Solved with Isaac Zhu, Jeffery Chen, Kevin Wu, Albert Wang, Nacho Cho, Linus Hamilton, Sam Zhang. Assume for contradiction otherwise. On the $k$-th move, paint the $k$-th acorn red. The key observation due to the assumption at the beginning is that if we are swapping around acorn $k$, then both it's neighbors must be the same color: otherwise the problem would be finished. Now this gives a contradiction: if we draw an edge between every pair of adjacent red acorns, at each step we gain an even number of edges. But we're supposed to have $2021$ edges at the end, contradiction.

Write the number 0 on each walnut initially. Suppose we change the number on walnut k to 1 on turn k. Assume the problem statement is false, then the neighbors of walnut k at turn k have the same number, so swapping them has no effect on the number sequence.
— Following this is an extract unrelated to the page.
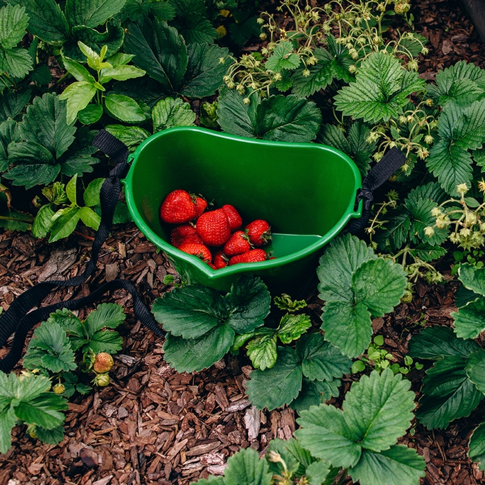 Для сбора ягод используйте специальную ёмкость с ремнём. Вы можете надеть её на шею, поэтому во время сбора ягод ваши руки останутся свободными.
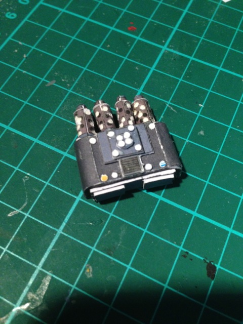 La technique utilise pour la tete est interessante je pense, j'ai d'abord fait un cylindre plein de papier enroule et coller autour d'un cure dent. J'ai mis le cure dent dans mon dremmel je me suis ensuite servi de celui-ci comme un tour et j'ai utilise une lime pour arrondir le dessus de la tete. J'ai ensuite coller des morceaux de papier (bande sur la tete, disque sur les oreilles, contour des orbites...) pour donner du relief qui est ensuite améliore par la peinture. C'est la premiere fois que j'utilise cette technique et j'en suis tres satisfait.

So we are changing a 0 to 1 at each step and we want to show at some point, we change a sequence like 100 to 110 or 001 to 011. At any given time, consider the maximal contiguous runs of 0. After the first move, there is one contiguous run of length 2020. I claim that given an initial configuration of 2k consecutive zeroes surroubded by 1s at the endpoints (i.e., $1 0^{2k} 1$) (*), if we change the 0's to 1's one by one, we must hit a forbidden configuration as mentioned above. For this we induct. Base case k=1 is trivial. For induction step note that if we change a 0 to 1 in a block of 2k consecutive 0s, we break this block into two blocks of size p,q where p+q=2k-1 is odd, so one of them must be even, say p. Induct on the block of length p. (*) We are "unwrapping" the circle here after the first move.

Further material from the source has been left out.